Activity => Apart from the images, output the data below exactly.

The data =>
###
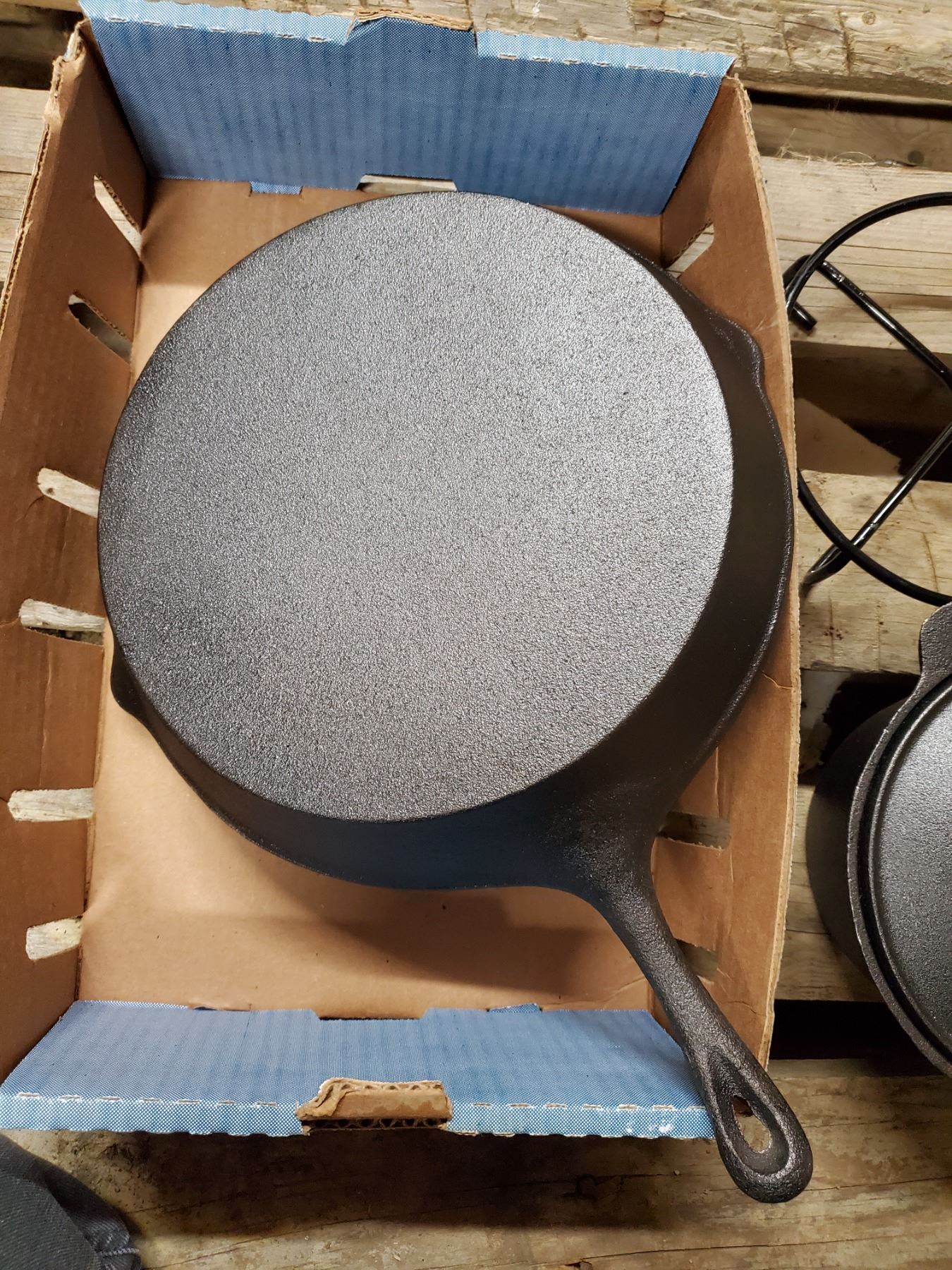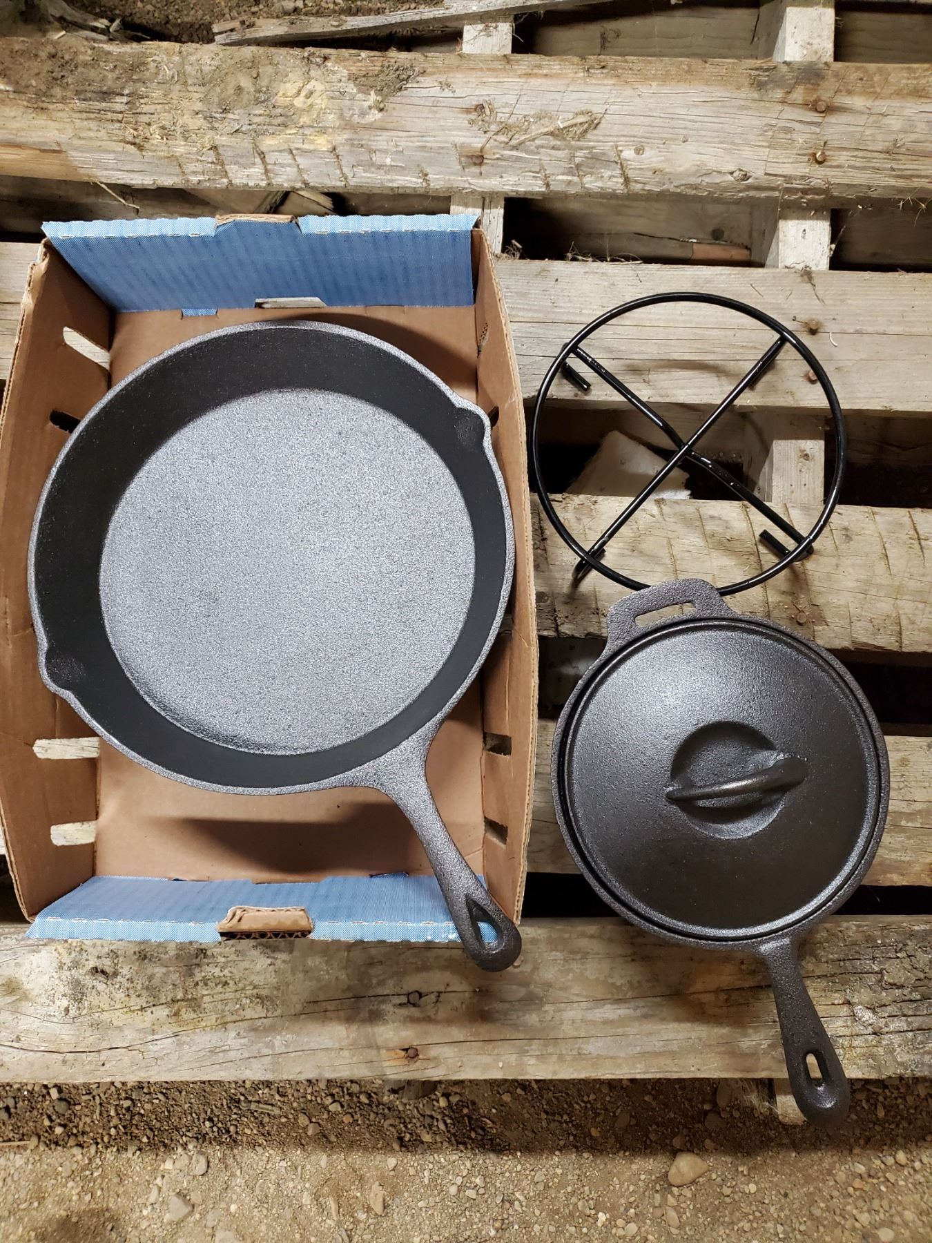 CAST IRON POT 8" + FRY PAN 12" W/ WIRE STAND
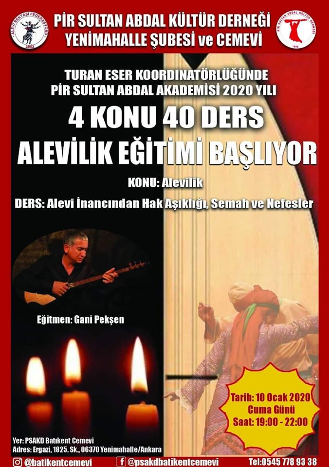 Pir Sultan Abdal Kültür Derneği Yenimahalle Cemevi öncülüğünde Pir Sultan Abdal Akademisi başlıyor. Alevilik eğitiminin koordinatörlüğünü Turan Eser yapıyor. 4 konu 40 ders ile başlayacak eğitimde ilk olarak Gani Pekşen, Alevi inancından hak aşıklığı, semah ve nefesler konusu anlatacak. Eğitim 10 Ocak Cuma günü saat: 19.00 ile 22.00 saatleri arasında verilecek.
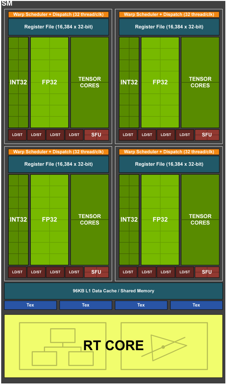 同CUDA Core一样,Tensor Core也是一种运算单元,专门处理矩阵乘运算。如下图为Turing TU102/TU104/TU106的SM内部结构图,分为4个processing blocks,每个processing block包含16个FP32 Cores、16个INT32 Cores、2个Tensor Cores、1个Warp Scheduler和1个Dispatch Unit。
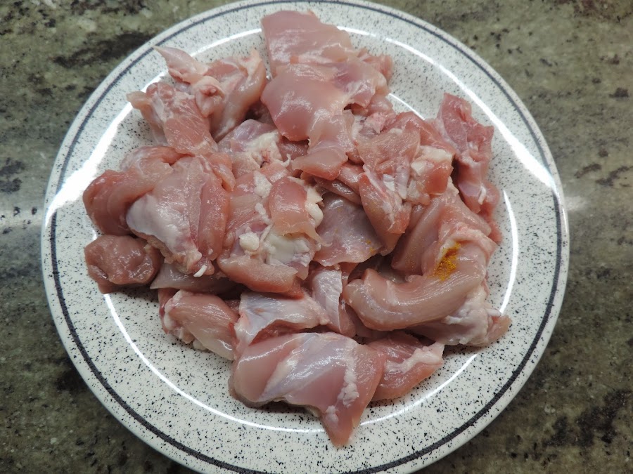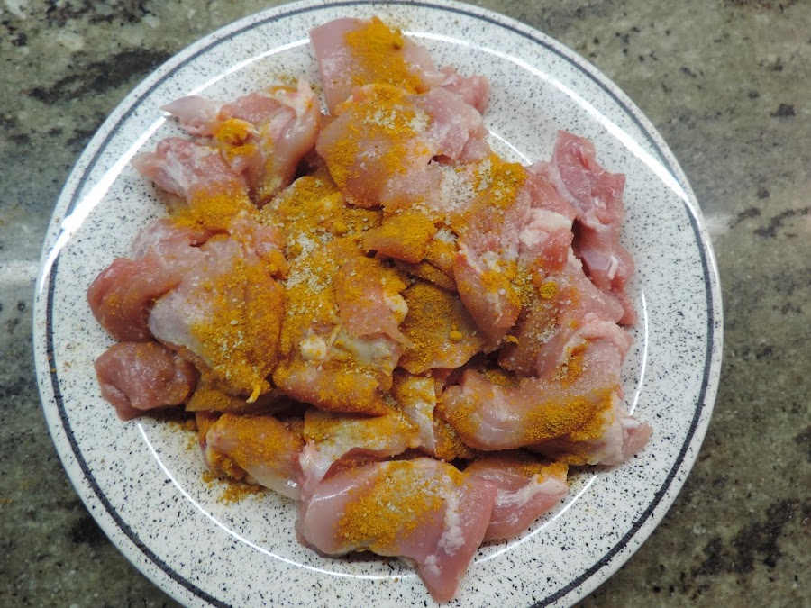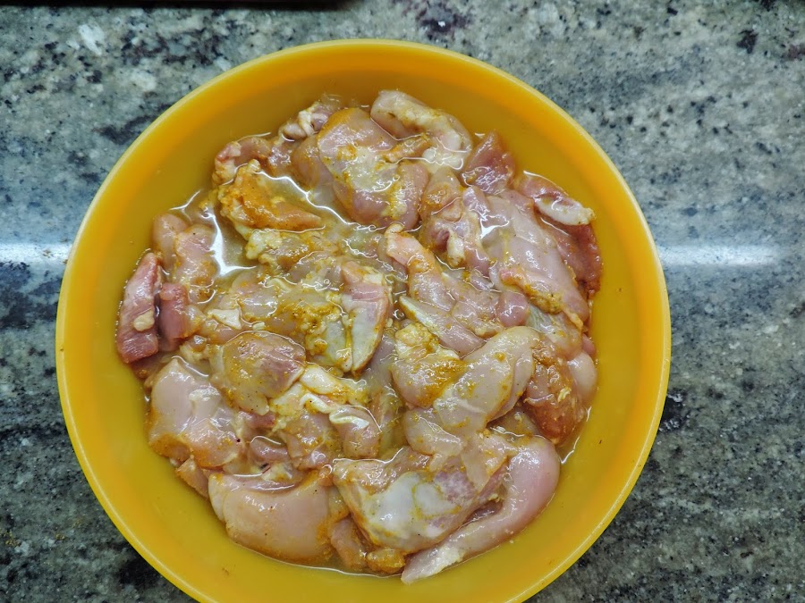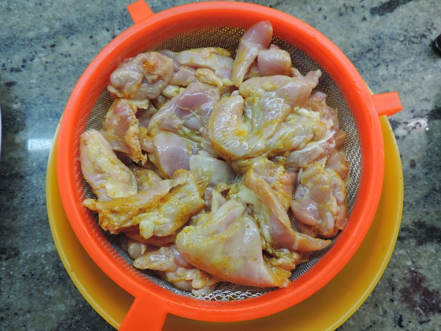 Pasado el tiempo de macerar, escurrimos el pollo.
###
Task result =>
 CAST IRON POT 8" + FRY PAN 12" W/ WIRE STAND
 Pir Sultan Abdal Kültür Derneği Yenimahalle Cemevi öncülüğünde Pir Sultan Abdal Akademisi başlıyor. Alevilik eğitiminin koordinatörlüğünü Turan Eser yapıyor. 4 konu 40 ders ile başlayacak eğitimde ilk olarak Gani Pekşen, Alevi inancından hak aşıklığı, semah ve nefesler konusu anlatacak. Eğitim 10 Ocak Cuma günü saat: 19.00 ile 22.00 saatleri arasında verilecek.
 同CUDA Core一样,Tensor Core也是一种运算单元,专门处理矩阵乘运算。如下图为Turing TU102/TU104/TU106的SM内部结构图,分为4个processing blocks,每个processing block包含16个FP32 Cores、16个INT32 Cores、2个Tensor Cores、1个Warp Scheduler和1个Dispatch Unit。
 Pasado el tiempo de macerar, escurrimos el pollo.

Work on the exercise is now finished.